The closest word that I think almost works is “historical.” I think everyone kind of realizes that we used to build differently and that they like the old stuff that’s still around. The hard part is, as you point out, so many places self-destructed in the mid century that most examples we have are kind of compromised or scarred versions of the “real thing,” or are a small part of a much bigger city.

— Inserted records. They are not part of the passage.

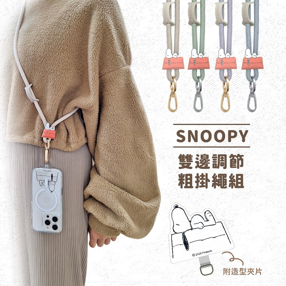 【買一送一】【SNOOPY史努比】雙邊調節粗手機夾片掛繩組(附造型夾片)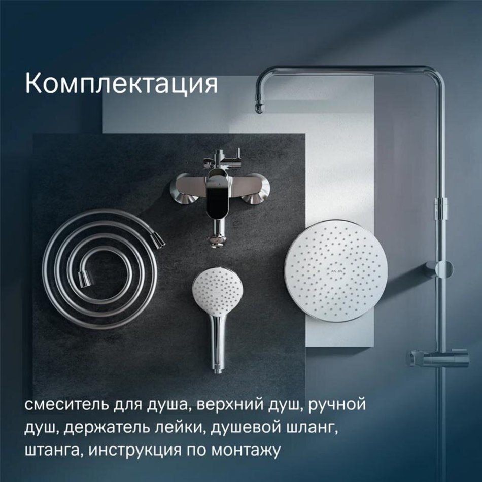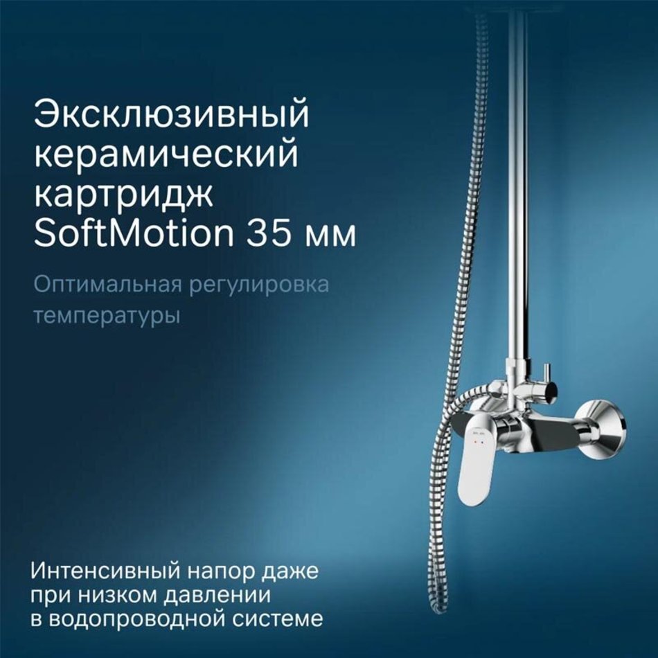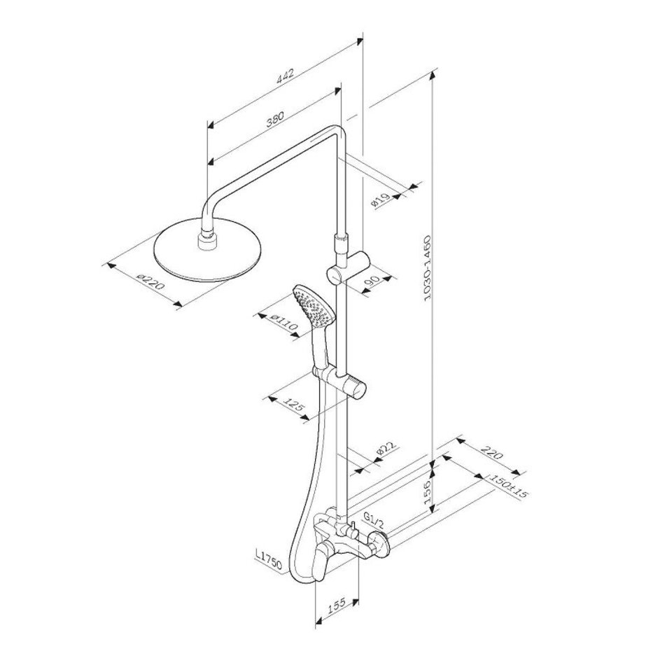 Диаметр душевых леек (верхний душ 220 мм и ручной душ 110 мм) позволит ощутить преимущества тропического душа даже в стандартной ванной, тогда как увеличенная длина шланга 1750 мм обеспечит свободу движений во время принятия душа. Продуманные детали для удобства использования: телескопическая поворотная штанга регулируется по высоте в диапазоне от 1030 до 1460 мм, обеспечивая комфорт для людей любого роста.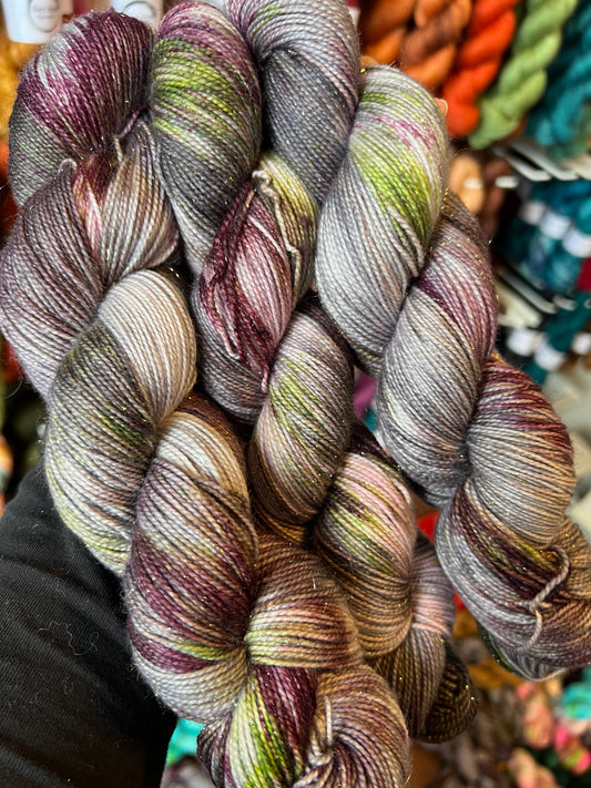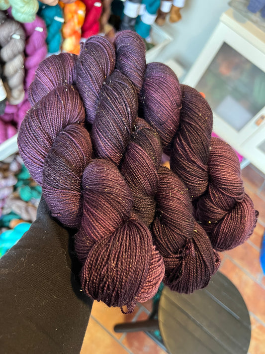 75% superwash merinó/ 20% nylon/ 5% gold stellina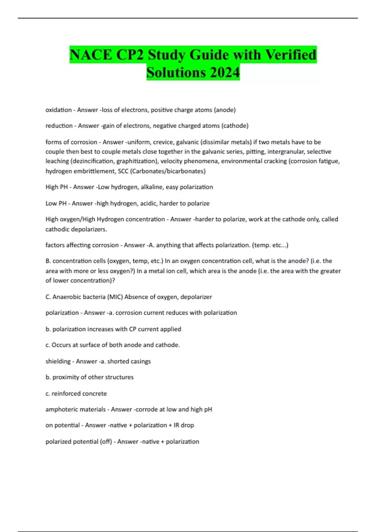 NACE CP2 Study Guide with Verified Solutions 2024 oxidation - Answer -loss of electrons, positive charge atoms (anode) reduction - Answer -gain of electrons, negative charged atoms (cathode) forms of corrosion - Answer -uniform, crevice, galvanic (dissimilar metals) if two metals have to be couple then best to couple metals close together in the galvanic series, pitting, intergranular, selective leaching (dezincification, graphitization), velocity phenomena, environmental cracking (corrosion fatigue, hydrogen embrittlement, SCC (Carbonates/bicarbonates) High PH - Answer -Low hydrogen, alkaline, easy polarization Low PH - Answer -high hydrogen, acidic, harder to polarize High oxygen/High Hydrogen concentration - Answer -harder to polarize, work at the cathode only, called cathodic depolarizers. factors affecting corrosion - Answer -A. anything that affects polarization. (temp. etc...) B. concentration cells (oxygen, temp, etc.) In an oxygen concentration cell, what is the anode? (i.e. the area with more or less oxygen?) In a metal ion cell, which area is the anode (i.e. the area with the greater of lower concentration)? C. Anaerobic bacteria (MIC) Absence of oxygen, depolarizer polarization - Answer -a. corrosion current reduces with polarization b. polarization increases with CP current applied c. Occurs at surface of both anode and cathode. shielding - Answer -a. shorted casings b. proximity of other structures c. reinforced concrete amphoteric materials - Answer -corrode at low and high pH on potential - Answer -native + polarization + IR drop polarized potential (off) - Answer -native + polarizationkirchoff's laws - Answer -a. voltage (series circuits) b. current (parallel circuits) faraday's law - Answer -W=KIT relates weight loss of metal in a corrosion cell with time and current flow. rate of corrosion - Answer -directly proportional to current flow cathodic protection limitations - Answer --shield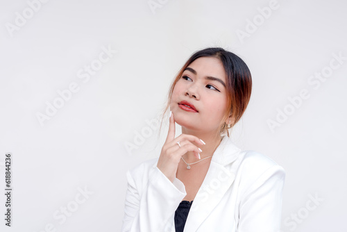 A serious and contemplating young woman with head tilted up and finger on her in a thinking gesture. Isolated on a white background.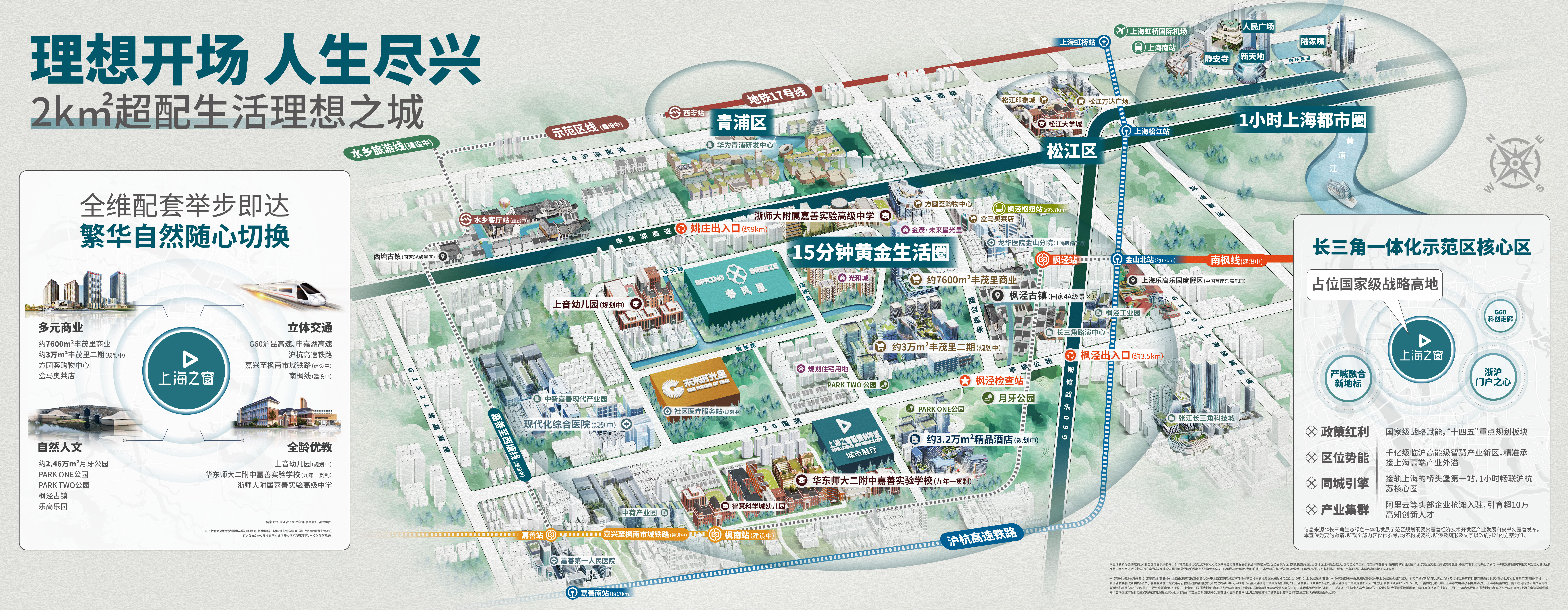 金茂上海之窗以其独特的区位价值,重新定义了沪浙交界处的生活可能。项目与上海枫泾古镇举步可达,实现了“一步上海”的地理跨越,让长者随时享受古镇漫步的闲适,同时与建设中的上海乐高乐园度假区仅十分钟车程,为亲子家庭打造了周末度假的新去处。

But the even more important point you make is our lost dynamism. The idea that most towns in 1900 saw themselves as naturally growing into the next Chicago — and that was a good thing — is really hard to relate to today. But of course this is the problem with the suburban pattern. In the historic pattern more people made everything better — it scaled up continuously and gracefully. In the suburban pattern more people means more traffic and less remaining nature but almost no additional amenities.

Hector Arbuckle's avatar

When my friends from Iowa ask me to describe what DC is like, I say: "It's like Main Street but copy-pasted ten thousand times." If you took the main street of any Iowan town and copy-pasted it ten thousand times, you'd get a big city.

I also think that people living in big metro areas have a different idea of what "small town" means versus people who live in the "hinterland". Here in DC, it seems people's imagery of a small town is more like a vacation town, like Shepherdstown, WV; in Iowa, a small town is a working-class settlement far from large metro areas. Your article actually seemed to touch on the former perception when you wrote:

"[I]t once had a glass factory; it even once had a foundry, just a couple of blocks off its downtown, staffed in part by European immigrant workers who lived in inexpensive homes nearby and walked to work. These are simply not things that happen in “small towns,” as we conceive of them today."

These are *precisely* the things that happen *today* in small towns in Iowa, like Marshalltown and Storm Lake. Immigrants from Latin America and Southeast Asia live in inexpensive homes near meatpacking plants and walk to work. One of my friends lives with his parents in a town of 1,500 people and walks to work at *his* local meatpacking plant.